━━━━━ Material supplied ━━━━━
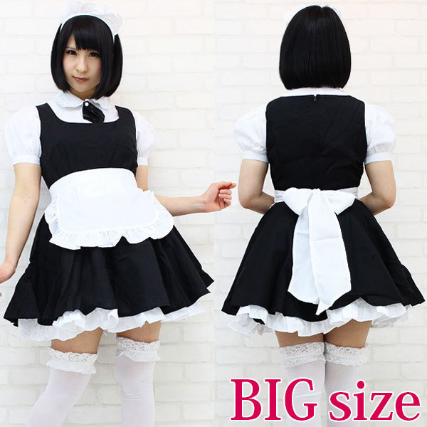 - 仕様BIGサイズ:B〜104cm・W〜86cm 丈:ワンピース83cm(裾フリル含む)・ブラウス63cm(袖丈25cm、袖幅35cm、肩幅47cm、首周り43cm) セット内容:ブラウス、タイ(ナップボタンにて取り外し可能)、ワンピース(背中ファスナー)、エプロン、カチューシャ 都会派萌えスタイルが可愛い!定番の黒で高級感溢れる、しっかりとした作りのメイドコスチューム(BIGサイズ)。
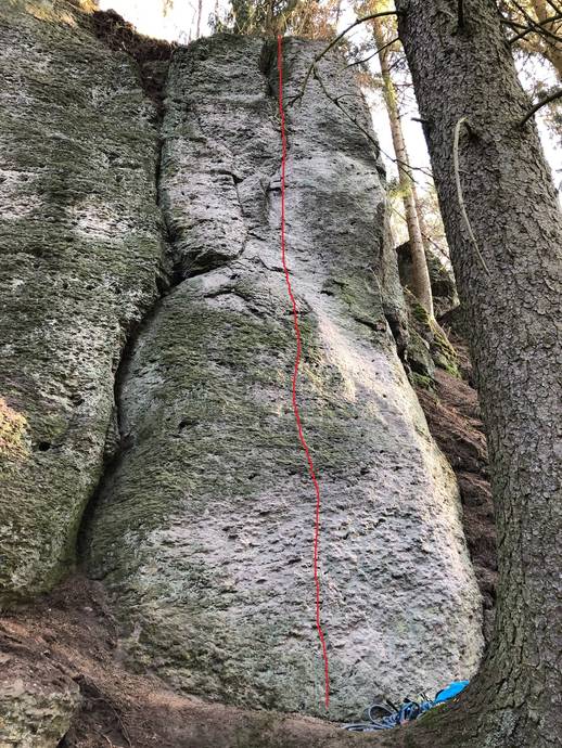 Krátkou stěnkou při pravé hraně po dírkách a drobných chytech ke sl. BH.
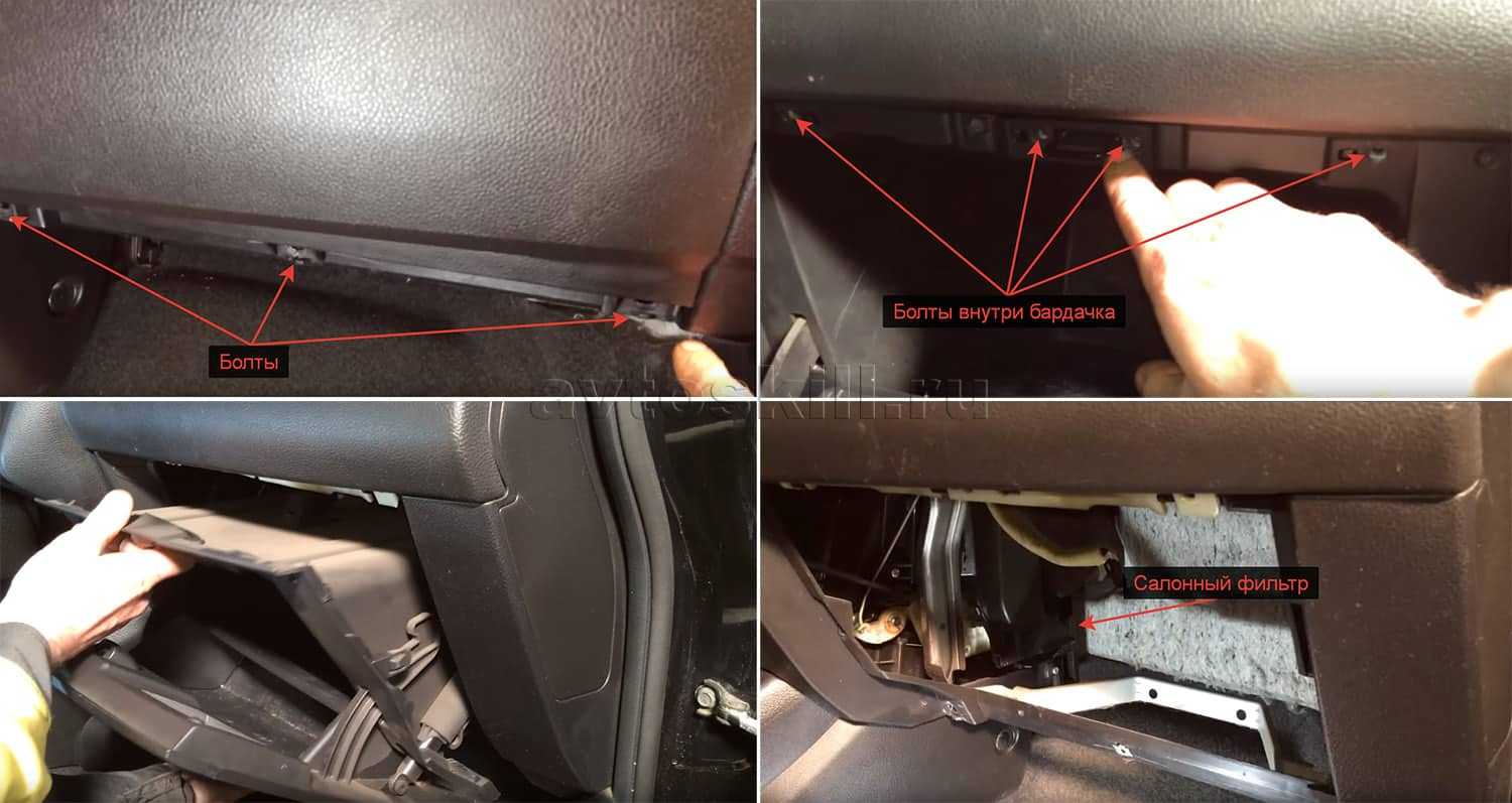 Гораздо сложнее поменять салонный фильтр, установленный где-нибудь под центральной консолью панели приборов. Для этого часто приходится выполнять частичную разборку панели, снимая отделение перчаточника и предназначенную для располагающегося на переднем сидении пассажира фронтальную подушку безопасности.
━━━━━
━━━━━ Material supplied ━━━━━
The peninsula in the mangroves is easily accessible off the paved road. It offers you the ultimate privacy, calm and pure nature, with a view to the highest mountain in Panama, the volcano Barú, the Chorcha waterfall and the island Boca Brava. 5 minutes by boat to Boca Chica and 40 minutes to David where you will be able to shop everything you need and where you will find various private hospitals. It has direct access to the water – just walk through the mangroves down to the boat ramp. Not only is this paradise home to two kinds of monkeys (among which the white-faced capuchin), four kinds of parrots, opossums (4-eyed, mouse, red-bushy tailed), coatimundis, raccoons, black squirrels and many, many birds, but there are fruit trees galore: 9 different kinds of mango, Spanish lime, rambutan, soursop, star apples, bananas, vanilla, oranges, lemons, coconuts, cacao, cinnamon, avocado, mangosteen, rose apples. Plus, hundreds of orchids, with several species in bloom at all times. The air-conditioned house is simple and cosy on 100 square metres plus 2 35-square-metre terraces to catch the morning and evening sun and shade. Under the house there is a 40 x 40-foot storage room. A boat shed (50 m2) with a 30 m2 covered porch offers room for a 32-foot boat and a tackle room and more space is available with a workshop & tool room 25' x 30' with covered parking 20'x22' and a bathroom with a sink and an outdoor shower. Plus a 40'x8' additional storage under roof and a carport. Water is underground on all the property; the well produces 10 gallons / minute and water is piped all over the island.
━━━━━
━━━━━ Material supplied ━━━━━
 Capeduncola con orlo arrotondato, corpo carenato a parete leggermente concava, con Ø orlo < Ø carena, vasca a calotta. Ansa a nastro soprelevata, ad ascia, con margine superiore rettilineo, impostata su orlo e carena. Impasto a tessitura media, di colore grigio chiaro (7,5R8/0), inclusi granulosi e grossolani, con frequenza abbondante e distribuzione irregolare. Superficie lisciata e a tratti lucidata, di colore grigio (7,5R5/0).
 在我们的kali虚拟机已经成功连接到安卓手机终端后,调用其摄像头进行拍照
━━━━━
### Exercise aim
In the listing above, find the line containing "Krátkou stěnkou při" and the line containing "Гораздо сложнее поменять". Reproduce those lines and all between them exactly, with no pictures and nothing more.

### Expected answer
 Krátkou stěnkou při pravé hraně po dírkách a drobných chytech ke sl. BH.
 Гораздо сложнее поменять салонный фильтр, установленный где-нибудь под центральной консолью панели приборов. Для этого часто приходится выполнять частичную разборку панели, снимая отделение перчаточника и предназначенную для располагающегося на переднем сидении пассажира фронтальную подушку безопасности.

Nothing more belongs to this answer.